How it is possible to approximate:
$\sum_{i=1}^{NR}{i\cdot \left( \dfrac{1}{1-p} \right)^i} $
How it is possible to approximate:
$\sum_{i=1}^{NR}{i\cdot \left( \dfrac{1}{1-p} \right)^i} $
Let $x = \dfrac1{1-p}$ and let $n = NR$. Then we are interested in the sum $\displaystyle \sum_{i=1}^{n} i x^i$.

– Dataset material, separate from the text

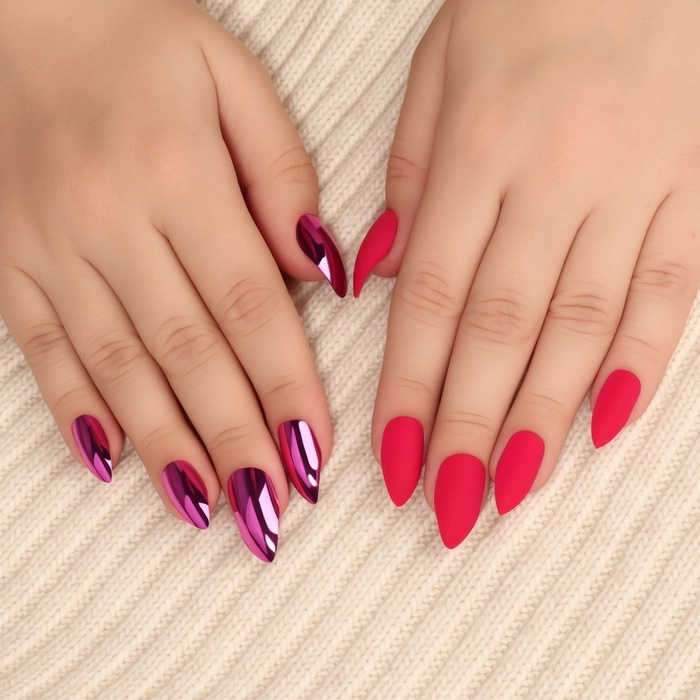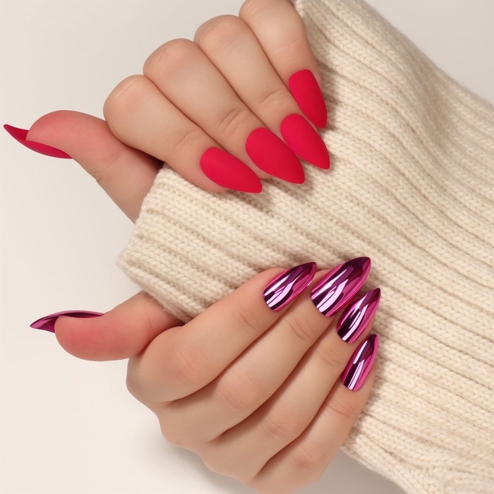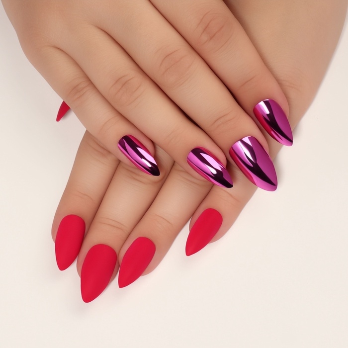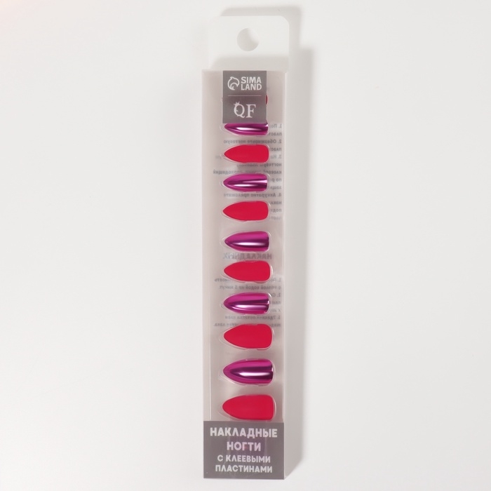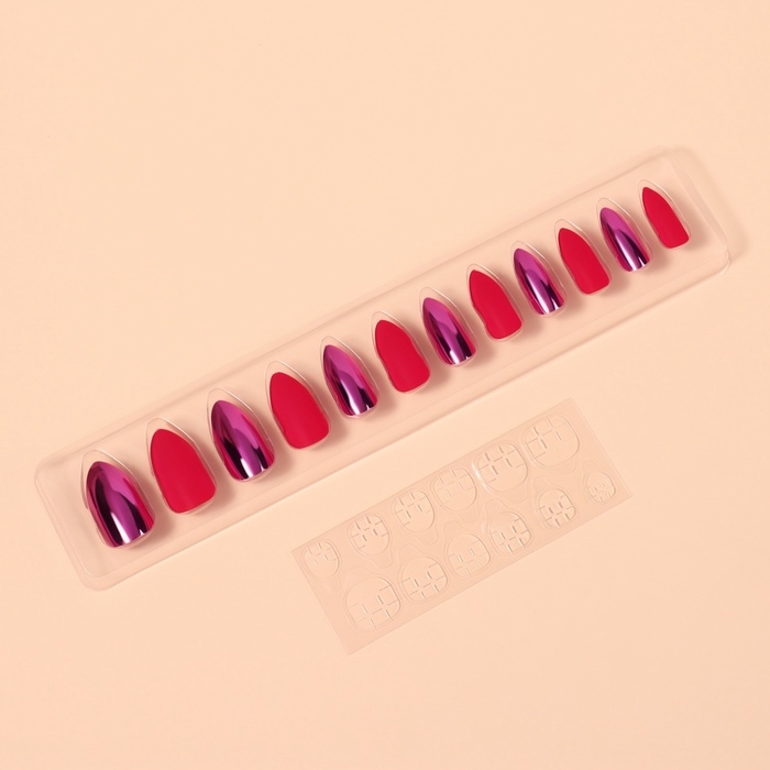 Накладные ногти, 12 шт, с клеевыми пластинами, форма миндаль, матовые/хромированные, красные, розовые

\begin{align} \sum_{i=1}^{n} i x^i & = x \left(\sum_{i=1}^{n} i x^{i-1} \right)\\ & = x \left( \sum_{i=1}^{n} \frac{d x^i}{dx} \right)\\ & = x \frac{d}{dx} \left( \sum_{i=1}^{n} x^i\right)\\ & = x \frac{d}{dx} \left( x\left(\frac{x^n - 1}{x-1} \right) \right)\\ & = x \left( \frac{nx^{n+1} - (n+1)x^n + 1}{(x-1)^2} \right) \end{align}
Replacing $x$ by $\dfrac1{1-p}$ and $n$ by $NR$, we get that the solution is $\left( \frac{NR}{p} - \frac1{p^2} + \frac1p \right) \left( \dfrac1{1-p}\right)^{NR} + \frac1{p^2} - \frac1p$